#### Assigned task
Would you write out the listing verbatim and skip every picture in it?

#### Material provided
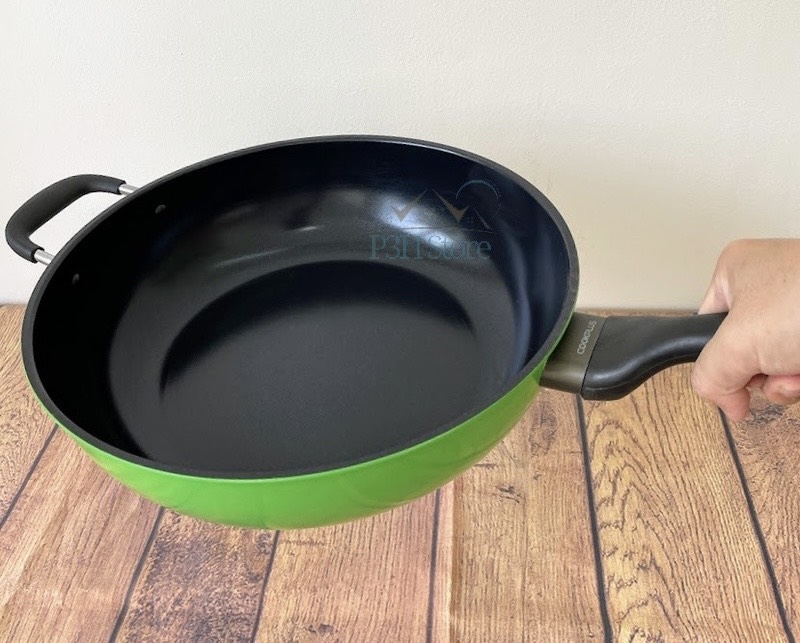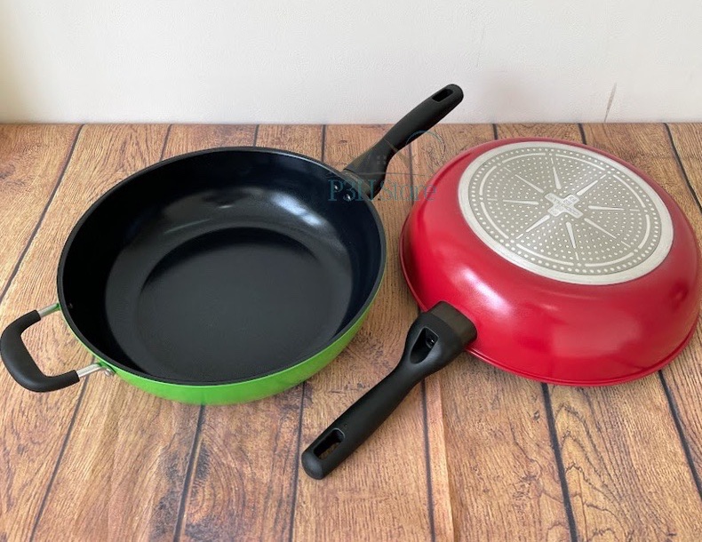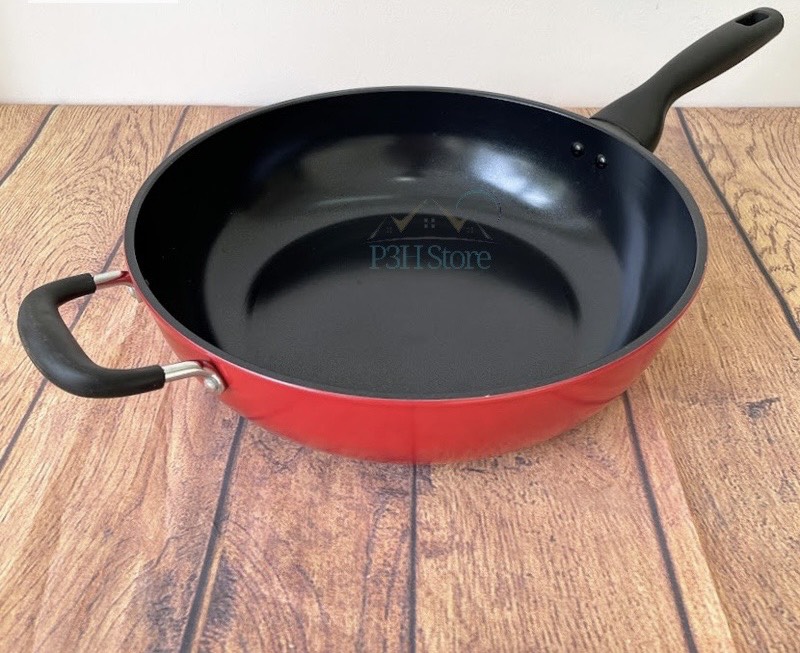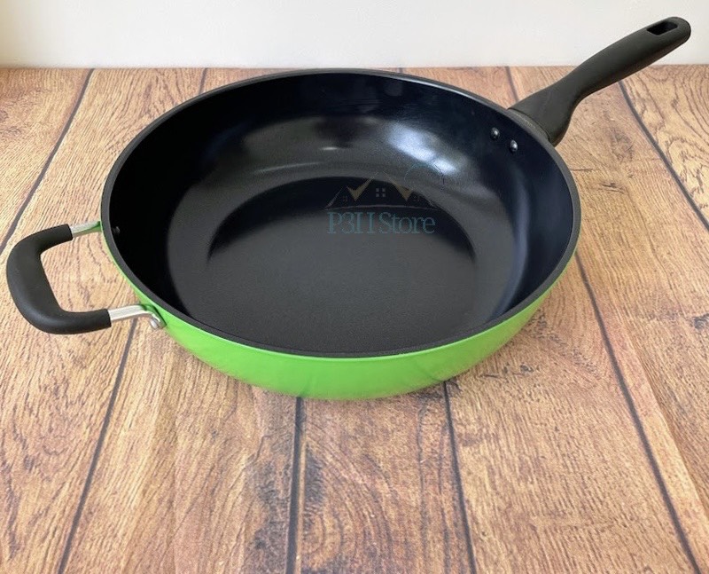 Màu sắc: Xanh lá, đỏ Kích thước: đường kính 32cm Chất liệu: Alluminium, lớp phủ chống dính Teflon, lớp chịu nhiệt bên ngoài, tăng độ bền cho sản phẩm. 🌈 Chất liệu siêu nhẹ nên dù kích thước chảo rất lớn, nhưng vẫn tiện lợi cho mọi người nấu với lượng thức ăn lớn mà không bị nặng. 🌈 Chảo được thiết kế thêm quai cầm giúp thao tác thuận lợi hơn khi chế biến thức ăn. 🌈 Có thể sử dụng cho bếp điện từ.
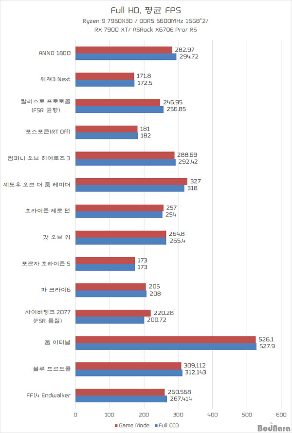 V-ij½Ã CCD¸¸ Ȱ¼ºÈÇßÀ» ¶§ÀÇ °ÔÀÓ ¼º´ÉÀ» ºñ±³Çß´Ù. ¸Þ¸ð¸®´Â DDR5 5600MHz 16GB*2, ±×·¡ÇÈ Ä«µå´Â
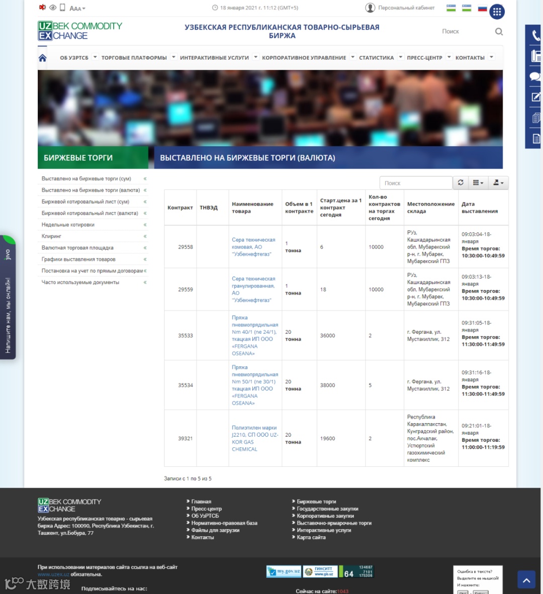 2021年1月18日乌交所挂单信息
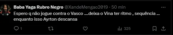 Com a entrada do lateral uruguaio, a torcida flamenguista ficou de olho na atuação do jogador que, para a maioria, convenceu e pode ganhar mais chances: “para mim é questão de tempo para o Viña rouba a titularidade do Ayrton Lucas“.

#### Result
 Màu sắc: Xanh lá, đỏ Kích thước: đường kính 32cm Chất liệu: Alluminium, lớp phủ chống dính Teflon, lớp chịu nhiệt bên ngoài, tăng độ bền cho sản phẩm. 🌈 Chất liệu siêu nhẹ nên dù kích thước chảo rất lớn, nhưng vẫn tiện lợi cho mọi người nấu với lượng thức ăn lớn mà không bị nặng. 🌈 Chảo được thiết kế thêm quai cầm giúp thao tác thuận lợi hơn khi chế biến thức ăn. 🌈 Có thể sử dụng cho bếp điện từ.
 V-ij½Ã CCD¸¸ Ȱ¼ºÈÇßÀ» ¶§ÀÇ °ÔÀÓ ¼º´ÉÀ» ºñ±³Çß´Ù. ¸Þ¸ð¸®´Â DDR5 5600MHz 16GB*2, ±×·¡ÇÈ Ä«µå´Â
 2021年1月18日乌交所挂单信息
 Com a entrada do lateral uruguaio, a torcida flamenguista ficou de olho na atuação do jogador que, para a maioria, convenceu e pode ganhar mais chances: “para mim é questão de tempo para o Viña rouba a titularidade do Ayrton Lucas“.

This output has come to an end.